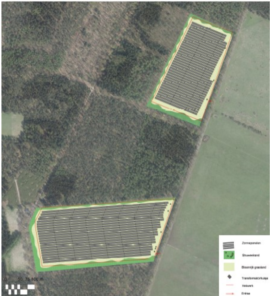
Figuur 3: Beoogde inrichting van het zonnepark met ligging zonnepanelen, struweelrand (lichtgroen), bloemrijk grasland (lichtgeel) en het aan te brengen hek (roodomlijnd).
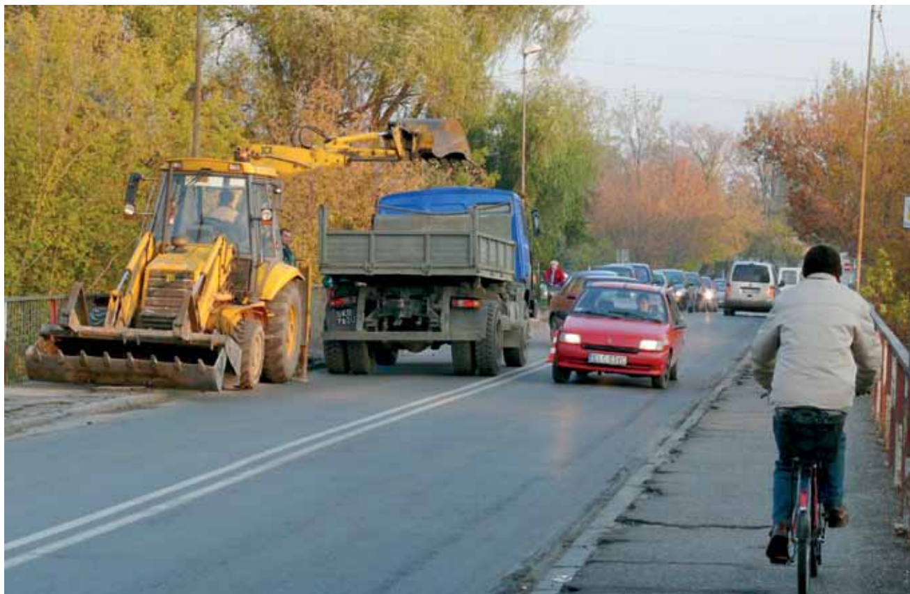
Prace na moście na ul. Mostowej spowodowały rano poważne utrudnienia w ruchu samochodowym.

Stary asfalt zostanie natomiast po wschodniej stronie, gdzie jest w nim na tyle niewiele dziur, że da się je załatać. tb
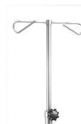
Wieszak z 2 haczykami do kroplówki lub drenów z regulacją wysokości WK-02
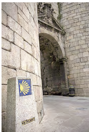
▲「原始之路」Lugo世界文化遺產城牆之門
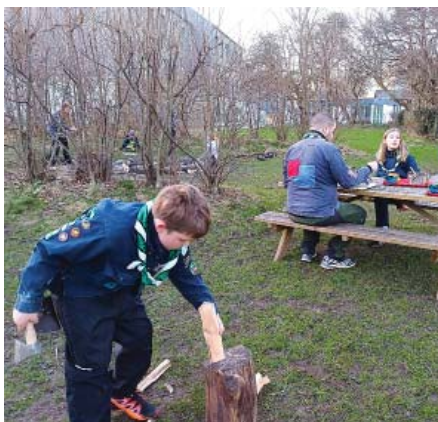
"Spejderne skal udfordre sig selv – og turde blive udfordret." Her er en junior i gang ved huggeblokken.

En af de grupper, der var med i 2025, er 12. Århus, en gruppe i den nordlige del af byen. Det gik godt i fjor både med tilgang af et par nye spejdere og en ny leder, så man er med igen i år.
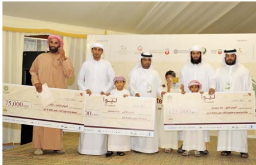
صورة للفائزين بهرجان ليوا للربط
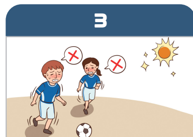
더운 시간대에 휴식을 취한다. (운동장 등 실외활동을 자제한다.)
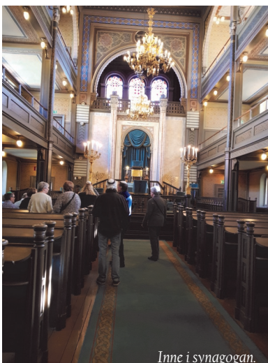
Inne i synagogan.

Efteråt gick några av oss och åt en god kycklingsoppa med en tillhörande tårtbuffé.
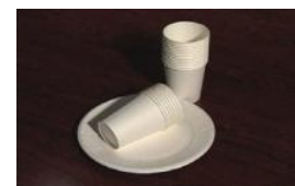
防水加工された紙 (紙コップなど)
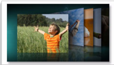
播放幻灯片、单张照片或缩略图
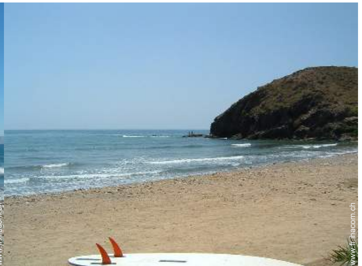
vue sur océan
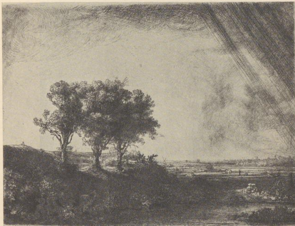
Rembrandt, Landschaft mit den drei Bäumen (seitenverkehrt).

Stille und Befriedung, weil von den gewählten Formen alle lauten und unruhigen links bleiben und rechts die Erscheinung ins Klare, Begrenzte, Durchgebildete mündet. Unruhig wirken die Bogenfenster, unruhig die Überschneidungen, unruhig vor allem die Flucht der großen Wand, während auf der andern Seite schon durch den Löwen und den eckfüllenden Kürbis (um von anderem zu schweigen) für den Eindruck des Beschlossenen gesorgt ist. Man kann auch diese Komposition nicht umkehren, ohne ihr ihren Zauber zu nehmen. Selbst wenn keine anderen Formen hineinspielen, verschiebt sich eben die Wirkung aufs gründlichste dadurch, daß die sekundären Motive auf die guten Plätze kommen.
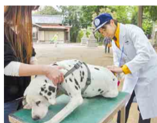
▲首輪や胸輪は抜かないようにし、特にひもは短く持ってください。

◆ 狂犬病予防注射の接種後4週間以上経過していない場合は、今回の狂犬病予防注射は受けられません。

######

PROBLEM DETAILS
Could the lines from the first entry through the line that contains "Inne i synagogan." be copied exactly, with all pictures left out?

WRITTEN ANSWER
Figuur 3: Beoogde inrichting van het zonnepark met ligging zonnepanelen, struweelrand (lichtgroen), bloemrijk grasland (lichtgeel) en het aan te brengen hek (roodomlijnd).
Prace na moście na ul. Mostowej spowodowały rano poważne utrudnienia w ruchu samochodowym.

Stary asfalt zostanie natomiast po wschodniej stronie, gdzie jest w nim na tyle niewiele dziur, że da się je załatać. tb
Wieszak z 2 haczykami do kroplówki lub drenów z regulacją wysokości WK-02
▲「原始之路」Lugo世界文化遺產城牆之門
"Spejderne skal udfordre sig selv – og turde blive udfordret." Her er en junior i gang ved huggeblokken.

En af de grupper, der var med i 2025, er 12. Århus, en gruppe i den nordlige del af byen. Det gik godt i fjor både med tilgang af et par nye spejdere og en ny leder, så man er med igen i år.
صورة للفائزين بهرجان ليوا للربط
더운 시간대에 휴식을 취한다. (운동장 등 실외활동을 자제한다.)
Inne i synagogan.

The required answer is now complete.